Что тогда? Может, стоит попросить падре провести обряд изгнания со мной?
Свет от наших свечей прыгнул и лизнул дверную раму кухни. Под обувью захрустели травы Аны Луизы, которые в изобилии росли в саду. Андрес опустился на корточки и провел по корешкам пальцами, после чего поднес их к носу, чтобы понюхать. Он издал неясный звук, поднялся и обвел взглядом комнату, как будто в поисках чего-то.
Его внимание привлекли угольные глифы, которые Ана Луиза оставила около двери. Он резко вдохнул, ноздри раздулись. Взгляд его пробежал по отметкам.
– О чем ты только думала? – на выдохе проговорил он с мягким недоверием. Кажется, это было больше предназначено ему самому, чем мне. Что-то в его голосе выдавало едва ли не злость.
– Что-то не так? – спросила я неуверенно. За находкой последовала внезапная перемена в его настроении, и я почувствовала, будто стою на палубе корабля, который вошел в бурные воды.
Он не ответил на мой вопрос.
– Вы упомянули, что именно в северном крыле нашли… – Андрес остановился, подбирая слово, но потом решил оставить все как есть. – Давайте пойдем туда.
– Конечно. – Я облизала пересохшие губы и повернулась к дверному проему, ведущему из кухни.
Темнота зияла открытой пастью.
Меня затошнило.
Дом нас слышал.
Падре Андрес зашагал вперед, но остановился, заметив, что я не следую за ним.
– Донья Беатрис?
Стены были близко, слишком близко. Темнота была слишком густой. Я вспомнила непроницаемый взгляд Хуаны, когда она толкнула меня в темноту. Как вращались стены после выпитого мескаля. Она знала этот дом. Она знала, каков он. И все равно отправила меня в эту темноту.
– Я хочу зажечь копал, – сказала я напряженно задыхающимся голосом.
– Не хотите вернуться в гостиную? – спросил падре Андрес.
Часть меня отчаянно хотела прижаться спиной к стене и почувствовать безопасность. Часть меня кричала о свете. Умоляла зажечь тысячу свечей, бросить в камин все, что горит, и развести огонь. Часть меня хотела сжечь этот дом дотла.

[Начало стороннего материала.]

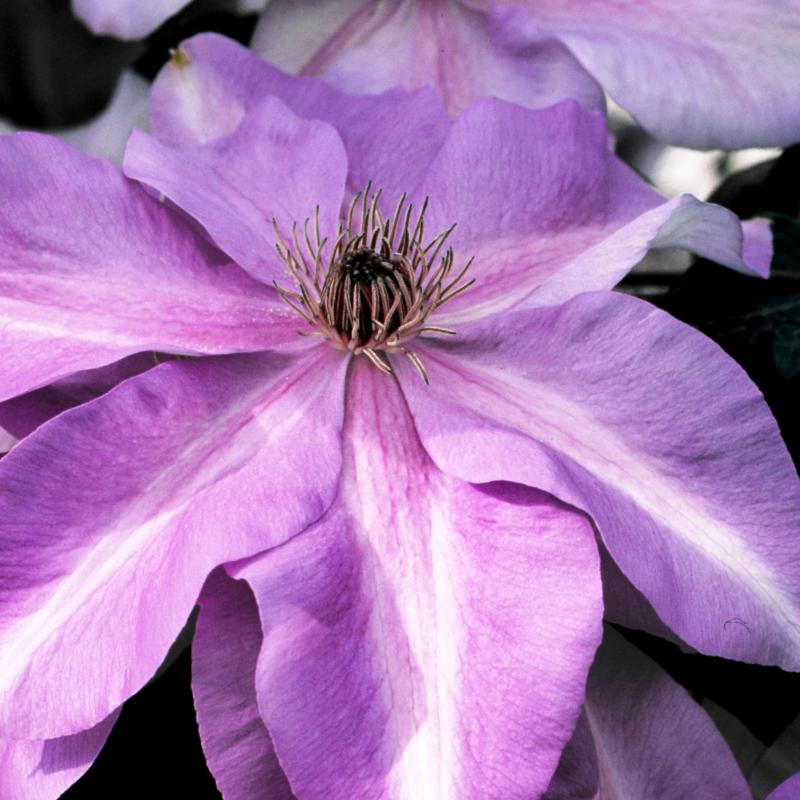 This variety's deep lilac blue flowers with pink-lavender central bars reach 7" wide. As the flowers age, the colors change to add interest among the newly emerging flowers. It will bloom heavily in June and repeat until October. (Pruning Group 3)

Другая же часть меня не могла вынести одиночества. Падре Андрес был здесь. Еще одно живое существо в этом доме. Человек, не желающий мне зла. Еще одна душа среди тьмы. Еще одна пара глаз, которые присмотрят за мной, если сама я буду не в состоянии. Я не могла вырвать себя из этого ощущения безопасности – даже ради того, чтобы сидеть в комнате, полной копала и свечей, и вдыхать дым до головокружения.
– Мой дом – моя ответственность, – заявила я. – Вперед.
Я сжала челюсти и посмотрела в темноту. Темнота посмотрела на меня в ответ, и чувство больной радости задребезжало в ней.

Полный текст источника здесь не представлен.